▶ [EXERCISE DIRECTIONS] All records are to be restated word for word, with pictures excluded.

▶ [EXERCISE DATA]

* * *

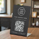 Modern and simple black table top pedestal sign for your business with your website's QR code for customers to scan for a list of your products, services and prices. Upload your Qr code and logo and add your company name, phone number and street address or other information in white text.
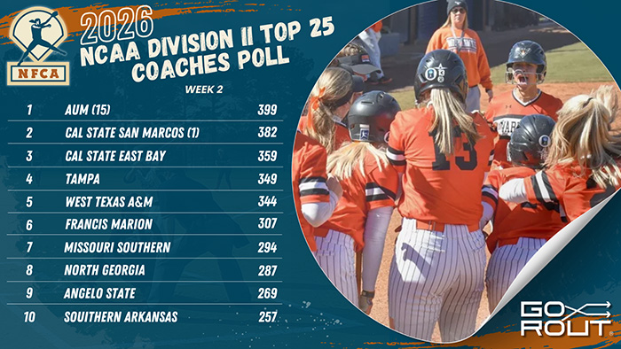 The 2026 NFCA/GoRout Division II Top 25 Coaches Poll is voted on by the NFCA Division II Top 25 Poll Committee. The committee consists of 16 NCAA Division II head coaches with two representing each of the NCAA’s eight regions. The poll is announced every Tuesday at noon ET during the regular season. Records reflect games played through Feb. 15, 2026.
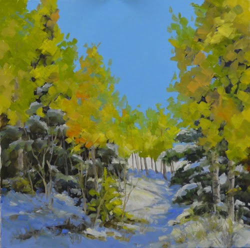 Aspen Tree Colorado Winter Landscape oil Painting "Early Arrival" by Western Colorado Artist Barbara Churchley
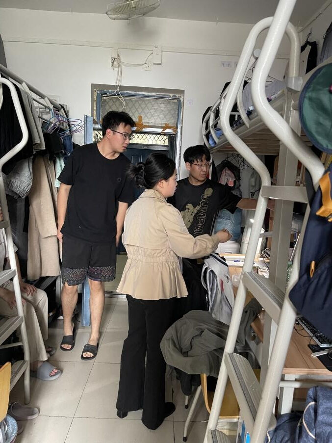 随后学院全体辅导员老师逐间走访了学生宿舍。在此次走访中,重点检查了宿舍是否存在违规电器、乱接乱拉电线、易燃易爆物品等安全隐患,宿舍阳台、卫生间、宿舍过道等是否堆积杂物,以及宿舍内务整理情况。经检查,至诚学生社区宿舍整体情况较好,无重大安全隐患。个别宿舍存在吸烟、存放违规电器等行为,已责令违规宿舍立即整改。针对部分宿舍存在的宿舍室内、阳台物品摆放较多、门口垃圾清理不及时等问题,辅导员老师逐一进行了提醒,要求尽快将宿舍归纳整理、保持良好环境。
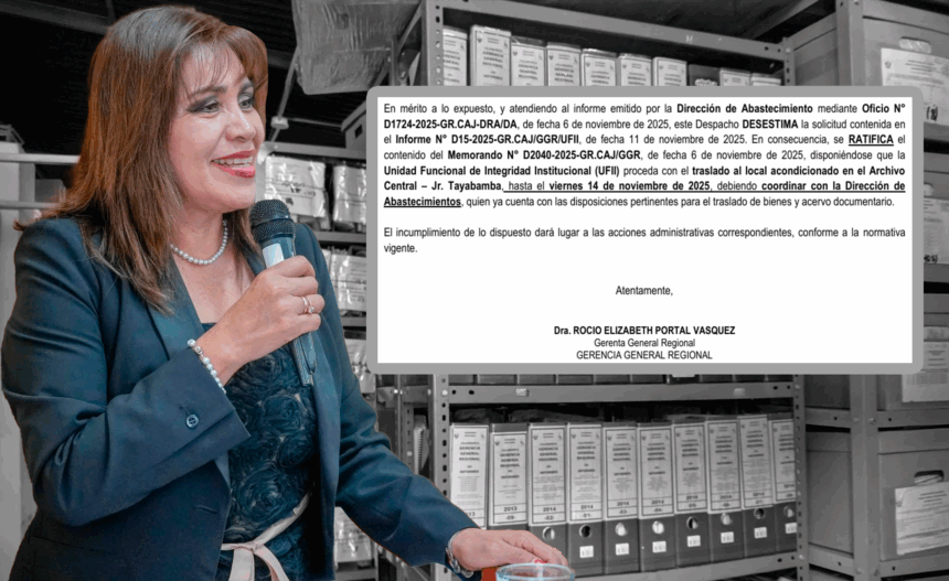 Lejos de abrir un espacio de análisis, la gerencia reaccionó con dureza. El 13 de noviembre, la Dra. Rocío Portal Vásquez firmó el Memorando N.º D2079-2025-GR.CAJ/GGR, donde rechazó de plano el informe técnico elaborado por la unidad especializada. En el documento, Portal calificó las observaciones como “meras conjeturas”, restó validez a los riesgos descritos y afirmó que el traslado era un simple acto de administración interna, por lo que no era sujeto de recurso. Con esa frase convertía el fondo del reclamo en un asunto cerrado.

* * *

▶ [PROBLEM SOLUTION]
 Modern and simple black table top pedestal sign for your business with your website's QR code for customers to scan for a list of your products, services and prices. Upload your Qr code and logo and add your company name, phone number and street address or other information in white text.
 The 2026 NFCA/GoRout Division II Top 25 Coaches Poll is voted on by the NFCA Division II Top 25 Poll Committee. The committee consists of 16 NCAA Division II head coaches with two representing each of the NCAA’s eight regions. The poll is announced every Tuesday at noon ET during the regular season. Records reflect games played through Feb. 15, 2026.
 Aspen Tree Colorado Winter Landscape oil Painting "Early Arrival" by Western Colorado Artist Barbara Churchley
 随后学院全体辅导员老师逐间走访了学生宿舍。在此次走访中,重点检查了宿舍是否存在违规电器、乱接乱拉电线、易燃易爆物品等安全隐患,宿舍阳台、卫生间、宿舍过道等是否堆积杂物,以及宿舍内务整理情况。经检查,至诚学生社区宿舍整体情况较好,无重大安全隐患。个别宿舍存在吸烟、存放违规电器等行为,已责令违规宿舍立即整改。针对部分宿舍存在的宿舍室内、阳台物品摆放较多、门口垃圾清理不及时等问题,辅导员老师逐一进行了提醒,要求尽快将宿舍归纳整理、保持良好环境。
 Lejos de abrir un espacio de análisis, la gerencia reaccionó con dureza. El 13 de noviembre, la Dra. Rocío Portal Vásquez firmó el Memorando N.º D2079-2025-GR.CAJ/GGR, donde rechazó de plano el informe técnico elaborado por la unidad especializada. En el documento, Portal calificó las observaciones como “meras conjeturas”, restó validez a los riesgos descritos y afirmó que el traslado era un simple acto de administración interna, por lo que no era sujeto de recurso. Con esa frase convertía el fondo del reclamo en un asunto cerrado.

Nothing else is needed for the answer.